Trump Family’s Newest Partners: Middle Eastern Governments
Eight months before Mr. Trump entered the presidential race in 2015, the family company announced plans to license its name for a 33-story hotel in Baku, Azerbaijan, and the partner there was the son of a government minister. That project was also ultimately abandoned.
But elsewhere, the Trump Organization’s foreign deals generally did not directly involve a financial role by a foreign government, or at least any public acknowledgment of direct foreign government financing or a major land contribution, according to an examination of the transactions by The New York Times.

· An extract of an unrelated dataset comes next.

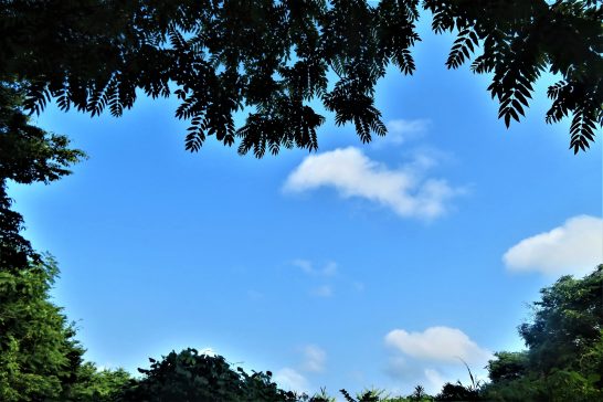 ・本日も快晴。最高気温は25℃程度で湿度も少なく過ごしやすかった。写真は昼前散歩にて。木の間から覗いた青空と浮雲。〔仕事と歩数〕仙台文学館「ことばの祭典」選評完了後メール送稿。5,477歩。

During Mr. Trump’s time in the White House, the Trump International Hotel in Washington was frequently a destination for foreign government officials, including delegations in town for planned meetings with Mr. Trump. The governments of Malaysia, Saudi Arabia, Qatar, the United Arab Emirates, Turkey and China each spent money at the hotel, according to documents that his former accounting firm turned over to Congress. The hotel received more than $3.75 million from foreign governments from 2017 to 2020, the House investigators estimated.
The Trump Organization has asserted that it paid all profits from these hotel stays to the Treasury Department through annual voluntary payments.

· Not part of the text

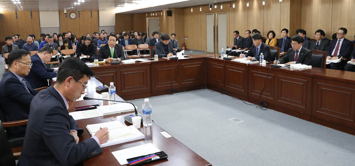 | ▲ 한현택 동구청장(정면 가운데)이 20일 2018년 주요업무계획 보고회 실천계획을 경청하고 있다. |
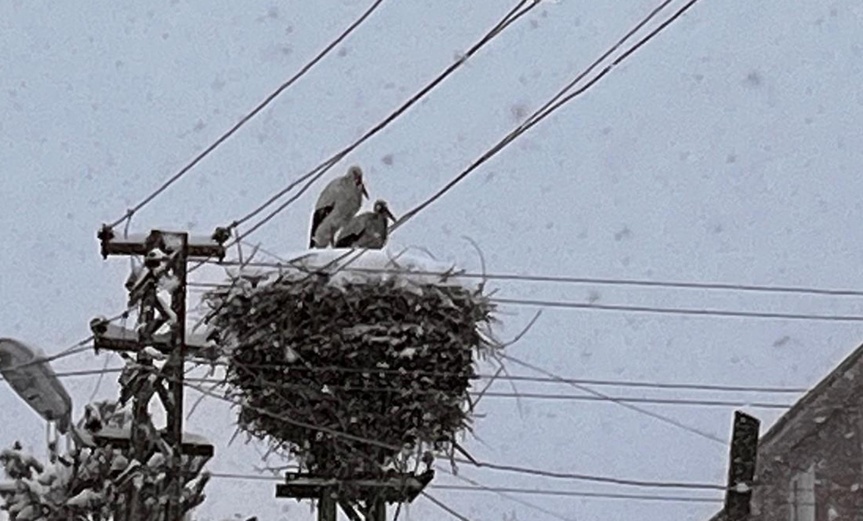 Deniz BAŞLI/ARDAHAN, (DHA)-ARDAHAN'a erken gelen leylekler, kara yakalandı. Kent merkezinde yaptıkları yuvalarına yerleşen leylekler, kar altında görüntülendi.

But this new deal — in which the Trump Organization benefits from land or financial capital provided by foreign governments — only elevates the potential for a conflict of interest to emerge, as Mr. Trump continues his dual roles as a White House candidate and business executive, ethics lawyers said.

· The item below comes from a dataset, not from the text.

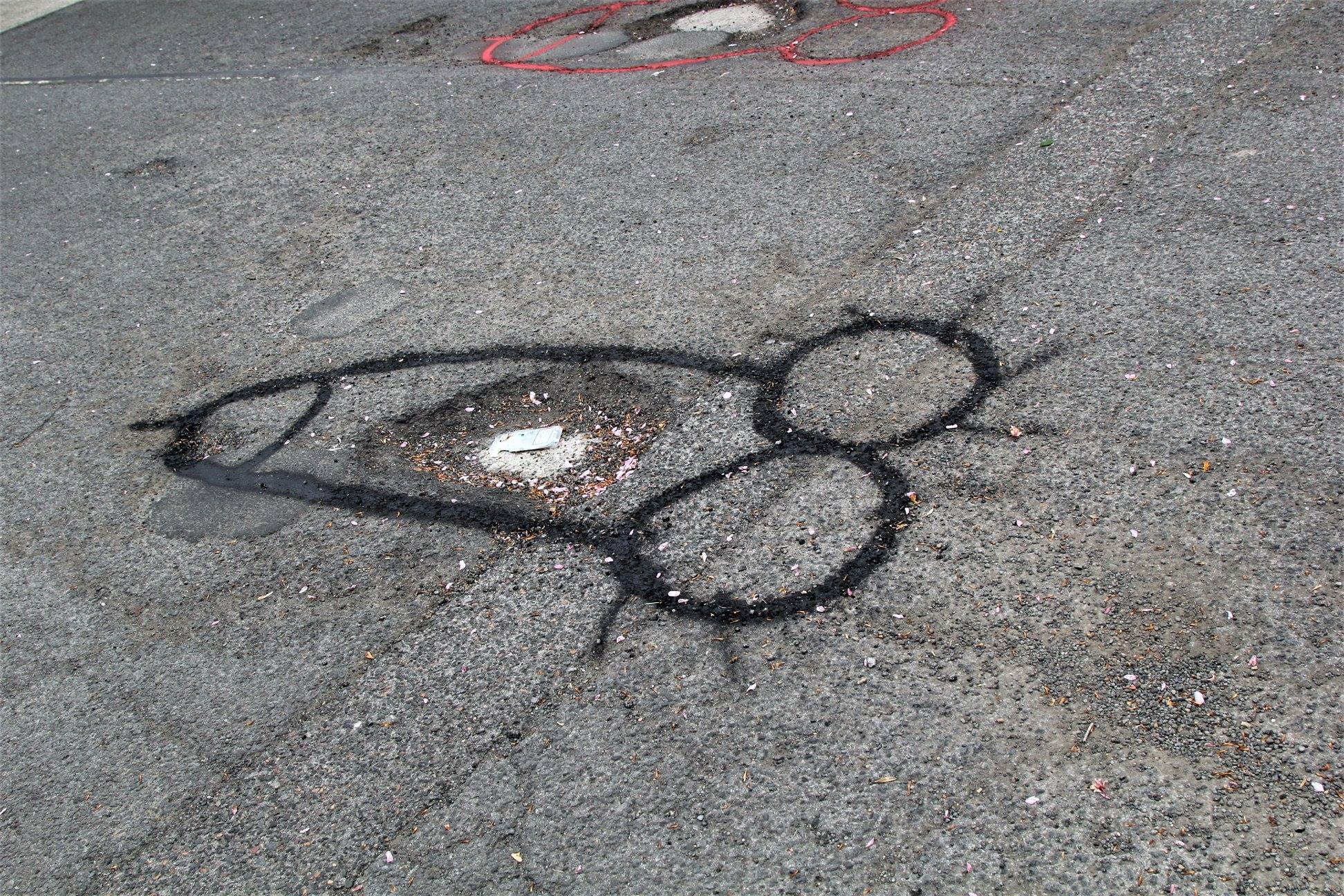 路爛一年沒修...匿名人「怒畫GG」舉報 沒幾天馬上填平了

“This is yet another example of Trump getting a personal financial benefit in exchange for past or future political power,” said Kathleen Clark, a law professor at Washington University in St. Louis. “The Saudis and Oman government may believe that giving Trump this licensing deal will benefit them in the future, should Trump become president again. This deal could be a way to ensure that they will be in Trump’s good graces.”
The Aida project in Oman is slated to be built 20 minutes outside the capital city of Muscat, on an series of hills overlooking the Arabian Sea on land controlled by the Omani Company for Development and Tourism, a Oman-government-owned tourism agency. It will include 3,500 luxury villas, two hotels with a total of 450 rooms and a golf course, as well as various restaurants and stores.